#### Directions for this task:
When you reach the line below that has "Тефтер A5 с", start returning lines exactly, and stop after the line that has "составляет 6–10 кг/м²."; skip the pictures.

#### Data shown:
§ §

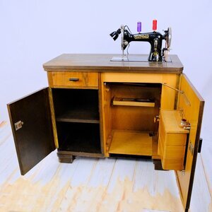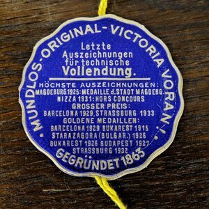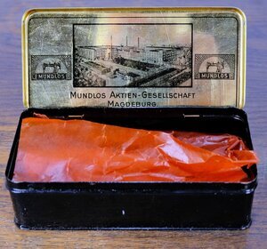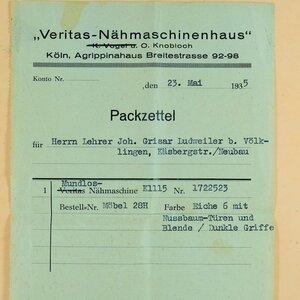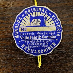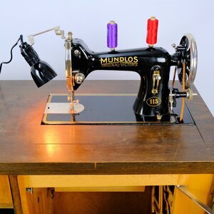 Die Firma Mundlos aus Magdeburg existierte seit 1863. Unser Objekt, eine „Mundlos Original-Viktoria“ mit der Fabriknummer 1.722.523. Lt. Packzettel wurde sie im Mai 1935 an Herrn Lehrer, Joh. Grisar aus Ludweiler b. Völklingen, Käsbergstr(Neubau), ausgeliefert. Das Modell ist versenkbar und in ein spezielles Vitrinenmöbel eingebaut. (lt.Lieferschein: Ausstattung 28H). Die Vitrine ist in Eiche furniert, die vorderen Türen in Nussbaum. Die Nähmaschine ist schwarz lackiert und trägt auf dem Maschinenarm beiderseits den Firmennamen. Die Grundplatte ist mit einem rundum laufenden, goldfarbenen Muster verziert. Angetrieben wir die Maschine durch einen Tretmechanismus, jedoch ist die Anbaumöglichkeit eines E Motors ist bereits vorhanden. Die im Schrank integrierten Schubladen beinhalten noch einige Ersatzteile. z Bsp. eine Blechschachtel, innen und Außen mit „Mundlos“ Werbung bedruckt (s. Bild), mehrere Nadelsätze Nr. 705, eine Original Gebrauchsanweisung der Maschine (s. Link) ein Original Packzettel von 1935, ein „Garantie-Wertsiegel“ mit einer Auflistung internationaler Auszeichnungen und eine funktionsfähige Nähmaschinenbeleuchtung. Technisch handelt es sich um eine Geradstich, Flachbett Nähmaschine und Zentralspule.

§ §

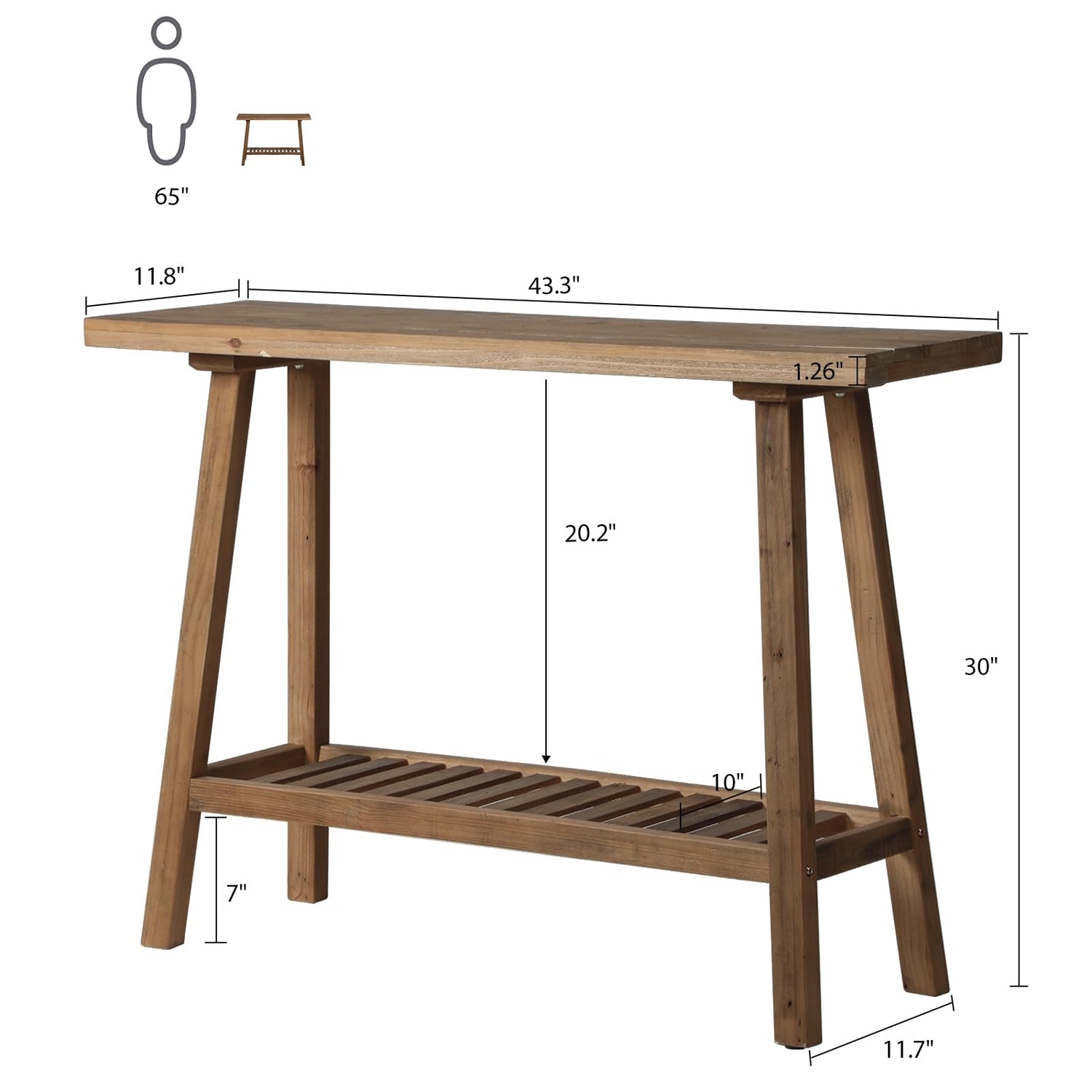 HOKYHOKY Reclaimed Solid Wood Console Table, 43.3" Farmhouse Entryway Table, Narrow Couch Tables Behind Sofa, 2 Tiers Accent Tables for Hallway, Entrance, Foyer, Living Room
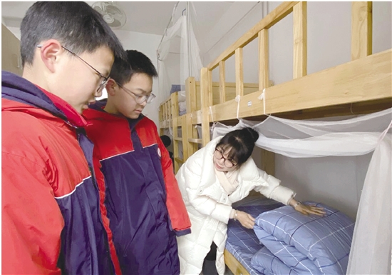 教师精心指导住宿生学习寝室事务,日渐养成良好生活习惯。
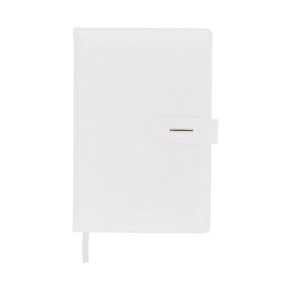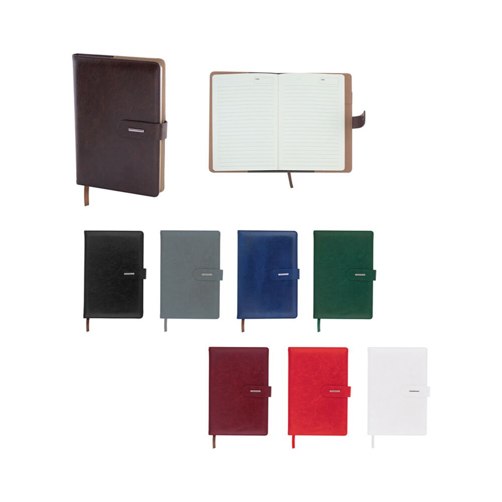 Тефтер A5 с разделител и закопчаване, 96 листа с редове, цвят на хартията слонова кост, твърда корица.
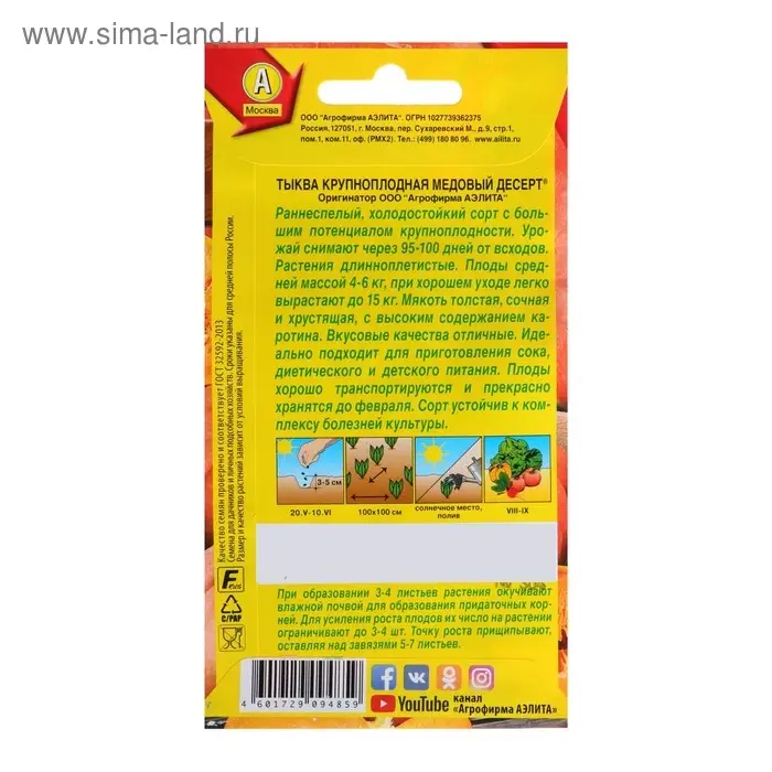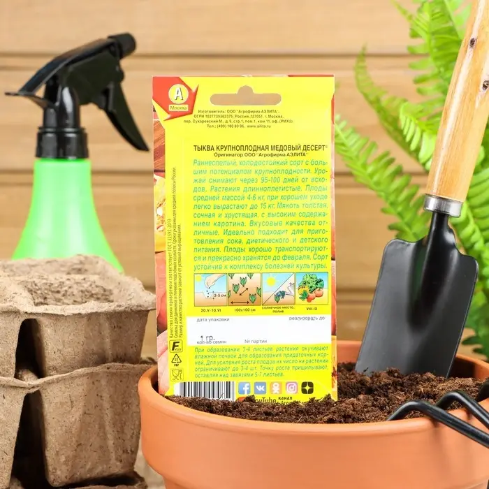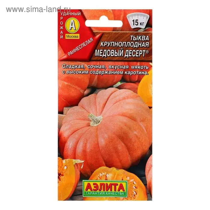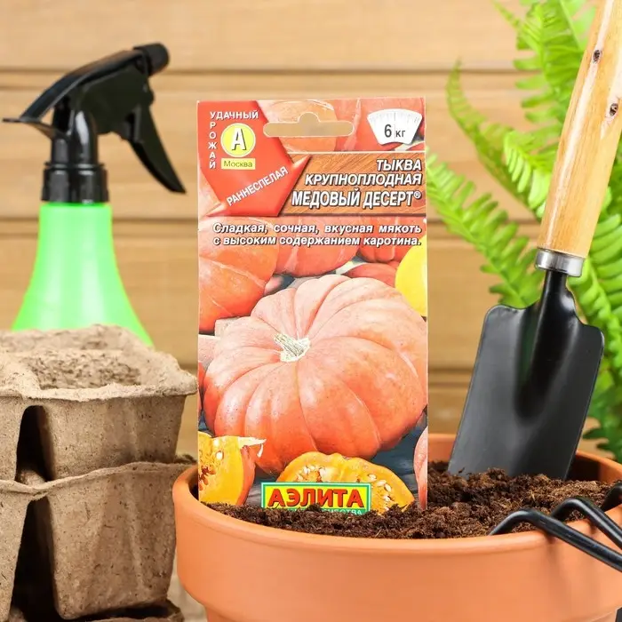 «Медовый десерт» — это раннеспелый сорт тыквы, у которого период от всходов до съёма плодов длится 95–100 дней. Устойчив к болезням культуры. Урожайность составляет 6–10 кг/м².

§ §

#### Output for this task:
 Тефтер A5 с разделител и закопчаване, 96 листа с редове, цвят на хартията слонова кост, твърда корица.
 «Медовый десерт» — это раннеспелый сорт тыквы, у которого период от всходов до съёма плодов длится 95–100 дней. Устойчив к болезням культуры. Урожайность составляет 6–10 кг/м².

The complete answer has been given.